Metabolism 
While many specific virulence factors, which enable the microbes to overcome the various physical and biochemical barriers of the infected hosts, have been investigated in detail, little attention has been given to the metabolic requirements and substrate availability of bacteria in vivo.
Both in insects and mammals, pathogens get access to host-specific nutrients, but also encounter substrate limitations such as low iron concentration.
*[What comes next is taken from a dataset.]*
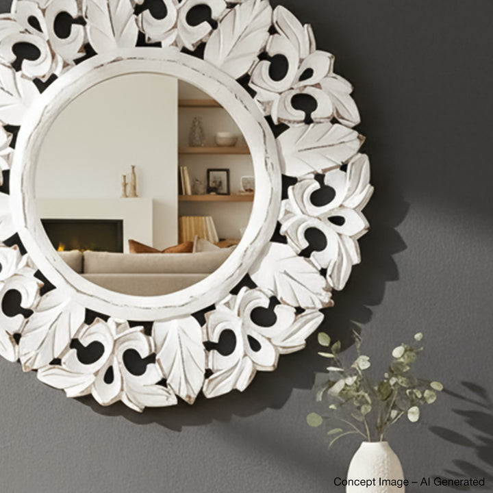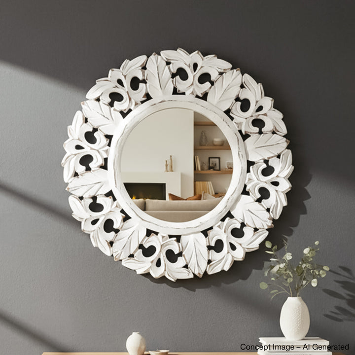 Celebrate the beauty of handicrafts in your decor, with our vintage collection of floral mirrors. Inspired by tunes of nature, featuring delicate carved detailing on premium wood that adds eloquence of an earthen look to your walls - these mirrors, look like timeless artworks hanging in your space. Covered in white paint, the accent blends seamlessly with all wall colors and home decor designs.

In this chapter, we focus on metabolic pathways of P. luminescens and Y. enterocolitica absent in E. coli, induced at low temperature, or already known to be virulence-associated.
Degradative pathways P. luminescens and Y. enterocolitica share loci encoding several common degradation pathways that are absent in E. coli K-12, including the urease operon (ureABCEFGD), the genes involved in myo-inositol degradation, and the histidine degradation operon (hutHUCGI).
These pathways might help the bacteria to gain access to sufficient amounts of substrates and thus to proliferate in the hemolymph of the insect larvae.
We recently reported that the genes of the urease operon as well as a histidine ammonia lyase (ye3021/plu1240), which deaminates histidine to urocanic acid, are highly induced in Y. enterocolitica upon temperature decrease [67].
Beside arginine (5.17 mumol/g), lysine (12.23 mumol/g), serine (6.77 mumol/g) and proline (6.40 mumol/g), histidine (5.04 mumol/g) is the most abundant free amino acids in the Hyalophora gloveri fat body [98].
The synthesis of vitamin B12 that occurs only anaerobically is required for the degradation of 1,2-propanediol by the products of the pdu operon, as well as of ethanolamine by the eutABC-encoded enzymes.
The cobalamine-dependent anaerobic growth of Salmonella typhimurium on both these substrates has been shown to be supported by the alternative electron acceptor tetrathionate whose respiration is facilitated by the tetrathionate reductase gene cluster ttr [99,100].
Beside S. typhimurium, all these genetic determinants were found only in few other bacteria, namely the human pathogens Listeria monocytogenes, and Clostridium perfringens [101].
Y. enterocolitica carries the genes encoding tetrathionate reductase (ttrABC) and the TCS TtrRS (YE1613-1617).
The gene clusters for cobalamin synthesis and propanediol degradation are located on a 40-kb genomic island (ye2707-2750), but the eutABC operon is missing.
Propanediol degradation by Y. enterocolitica might also be supported by YE4187 with a putative GlcG domain which is predicted to be involved in glycolate and propanediol utilization.
The cobalamine synthesis genes and the eutABC operon, but not ttrC, ttrR, ttrS and the propanediol utilization gene cluster, are also present in the genome of P. luminescens, suggesting the degradation of phosphatidylethanolamine as additional energy source in the insect host [102].
Further metabolic genes common to both pathogens are dctA responsible for transport of C4- dicarboxylates across the membrane, the UhpABC regulatory system controlling the hexose phosphate transport by UhpT, and the three Mg2+ transport systems CorA, MgtA and MgtB.
The uhpABC operon as well as mgtC encoding the Mg2+ transport ATPase subunit have been found to be induced at low temperature in Y. enterocolitica [67], indicating a relevance for these metabolic genes for P. luminescens and Y. enterocolitica during insect infection.
Another gene, gltP encoding a glutamate-aspartate symporter, is also up-regulated at low temperature in Y. enterocolitica, but lacks a counterpart in P. luminescens.
Furthermore, both insecticidal bacteria produce a chitin-binding-like protein (Plu2352, YE3576), but chitinase-like proteins (Plu2235, Plu2458 and Plu2461) are without homologues in Y. enterocolitica.
This fact correlates once more with the separate lifestyle of both bacteria, e.g. association with the host and persistence for Y. enterocolitica, and association and bioconversion of the insect in case of P. luminescens.